Ed è proprio questo il mio punto di partenza di oggi!
Uscire dalle barriere delle mie mura domestiche e del mondo fantastico che mi sono costruita e guardare oltre: oltre ogni forma di convenzione e di finto perbenismo ma, soprattutto, oltre quel velo di Maya che non mi “consente” di volgere lo sguardo verso la realtà che mi circonda.
Ho cercato di bloccare il mio pensiero sul concetto di prepotenza negli adolescenti, comunemente denominato bullismo, mi sono soffermata sui concetti base di mia conoscenza e ho tratto le mie modestissime conclusioni.
Il bullismo, si sa, denota una persona che usa la propria forza o il proprio potere per intimorire o danneggiare una persona più debole. La caratteristica più evidente del comportamento da bullo è chiaramente quella dell’aggressività rivolta verso i compagni, ma molto spesso anche verso i genitori e gli insegnanti perché, il giovane spavaldo e prepotente, ha un forte bisogno di dominare gli altri. Naturalmente, ci sono forme di bullismo differenti che, non solo per dovere di cronaca, cito per avere un quadro leggermente più chiaro rispetto a quello che comunemente si ha.

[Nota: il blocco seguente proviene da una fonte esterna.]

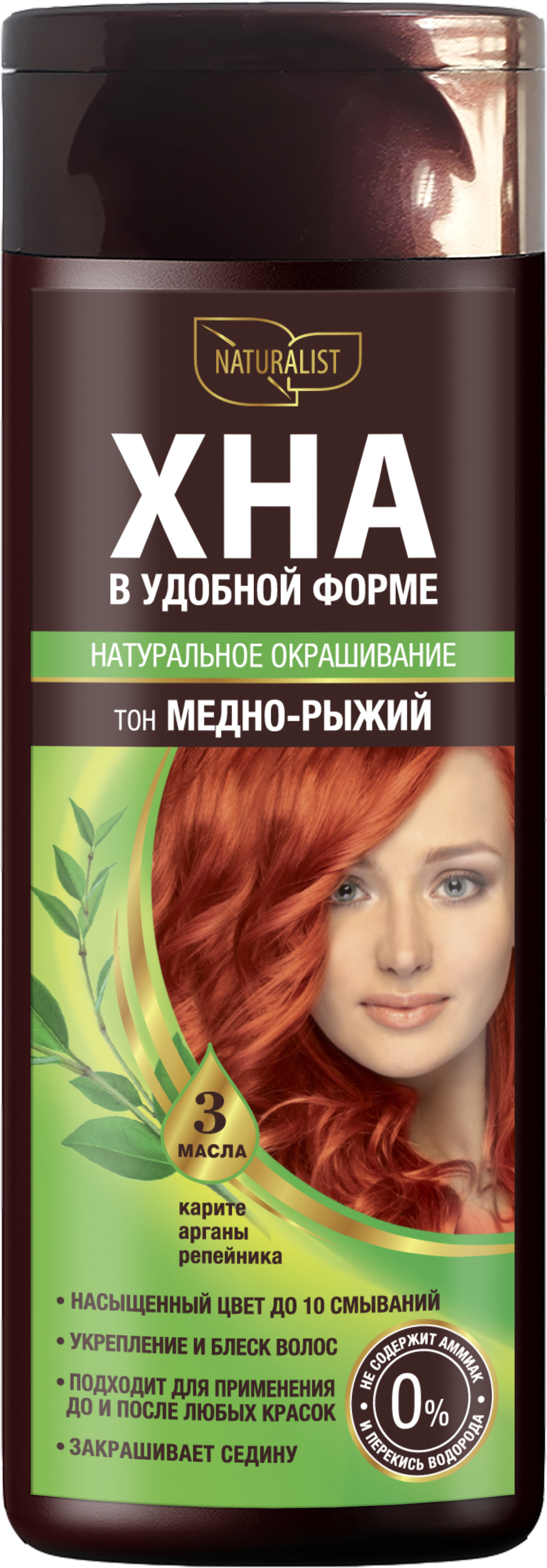 ХНА В УДОБНОЙ ФОРМЕ – современный окрашивающий продукт, дарит волосам сочный красивый оттенок, как хна, и непревзойденный натуральный уход благодаря содержанию ценных натуральных масел и экстракта шёлка. Ваши волосы становятся более плотными, объемными, гладкими и сияющими. Важным достоинством продукта является то, что его можно использовать в перерывах между окрашиваниями стойкой окислительной краской для усиления яркости оттенка и скрытия отрастающих корней.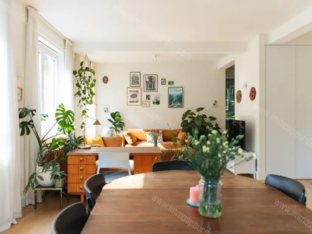 Je betreedt het appartement via de lichtrijke woonkamer met houten vloer, hoog plafond en toegang tot het ruime terras. Aansluiten kom je in de open keuken die uitgerust is met alle hedendaagse comfort.

Si è soliti distinguere tre forme di bullismo:
Fisico, ossia colpire con pugni o calci, appropriarsi di, o rovinare, gli effetti personali di qualcuno;
Verbale, ossia deridere, insultare, prendere in giro ripetutamente, fare affermazioni razziste;
Indiretto, ossia diffondere pettegolezzi fastidiosi e offensivi, escludere dai gruppi di aggregazione la persona presa di mira.
Dopo la breve parentesi relativa alla “classificazione delle forme”, mi sono chiesta quali potevano essere le condizioni che favoriscono il fenomeno e, devo ammettere, che qui mi sono persa nei meandri dei miei pensieri perché di “motivazioni” che portano ad un comportamento aggressivo potrebbero essercene una miriade e raggrupparle in un ordine preciso e coerente mi è risultato particolarmente difficoltoso.
Sicuramente un ruolo rilevante è da attribuire al temperamento dell’adolescente. Un atteggiamento negativo di fondo, caratterizzato da mancanza di affetto e di calore da parte delle persone che si prendono cura dell’adolescente sin dalla più tenera età, indubbiamente è un fattore aggiuntivo nello sviluppo di modalità aggressive nelle relazioni con gli altri. Ma anche l’eccessiva permissività e tolleranza manifestata verso i coetanei e i fratelli crea le condizioni per lo sviluppo di una modalità aggressiva, prepotente e violenta stabile.
Continuando a seguire il flusso dei miei pensieri, tra le origini del comportamento aggressivo, altrettanto rilevante ritengo il ruolo ricoperto dal modello genitoriale nel gestire il potere. L’eccessivo uso di punizioni fisiche porta l’adolescente ad utilizzarle come strumento per far rispettare le proprie regole. Sicuramente è importante che siano espresse le regole da rispettare e da seguire ma non è educativo ricorrere alla punizione fisica. Ma queste non sono le uniche cause del fenomeno, anzi, si può dire che esso è inserito in un fitto reticolo di fattori concatenati tra loro. È comunque certo che le condotte inadeguate, negli adolescenti, si verificano con maggiore probabilità quando i genitori non sono a conoscenza di ciò che fanno i figli o quando non hanno saputo fornire in maniera appropriata i limiti oltre i quali certi comportamenti non sono consentiti. Le forme educative rappresentano, infatti, un fattore cruciale per lo sviluppo o meno delle condotte non conformi alle regole del vivere civile. È interessante sottolineare come il grado di istruzione dei genitori, il livello socio-economico e il tipo di abilitazione non sembrano correlate con le condotte aggressive dei figli. A livello sociale, ad esempio, si è visto come anche i fattori di gruppo favoriscano questi episodi. All’interno del gruppo c’è un indebolimento del controllo e dell’inibizione delle condotte negative e si sviluppa una riduzione della responsabilità individuale. Questi fattori fanno sì che in presenza di ragazzi aggressivi anche coloro che generalmente non lo sono, lo possano diventare.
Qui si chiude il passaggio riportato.